=== Section Start ===
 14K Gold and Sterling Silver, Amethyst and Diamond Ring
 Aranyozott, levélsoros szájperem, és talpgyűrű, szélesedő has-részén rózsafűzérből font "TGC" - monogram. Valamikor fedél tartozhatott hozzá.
=== Section End ===
=== Section Start ===
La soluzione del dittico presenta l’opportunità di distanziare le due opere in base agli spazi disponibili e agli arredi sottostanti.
=== Section End ===
# Task objective:
Print exactly the lines above from the one with "14K Gold and" to the one with "Aranyozott, levélsoros szájperem, és", including both.

# Answer for the task:
 14K Gold and Sterling Silver, Amethyst and Diamond Ring
 Aranyozott, levélsoros szájperem, és talpgyűrű, szélesedő has-részén rózsafűzérből font "TGC" - monogram. Valamikor fedél tartozhatott hozzá.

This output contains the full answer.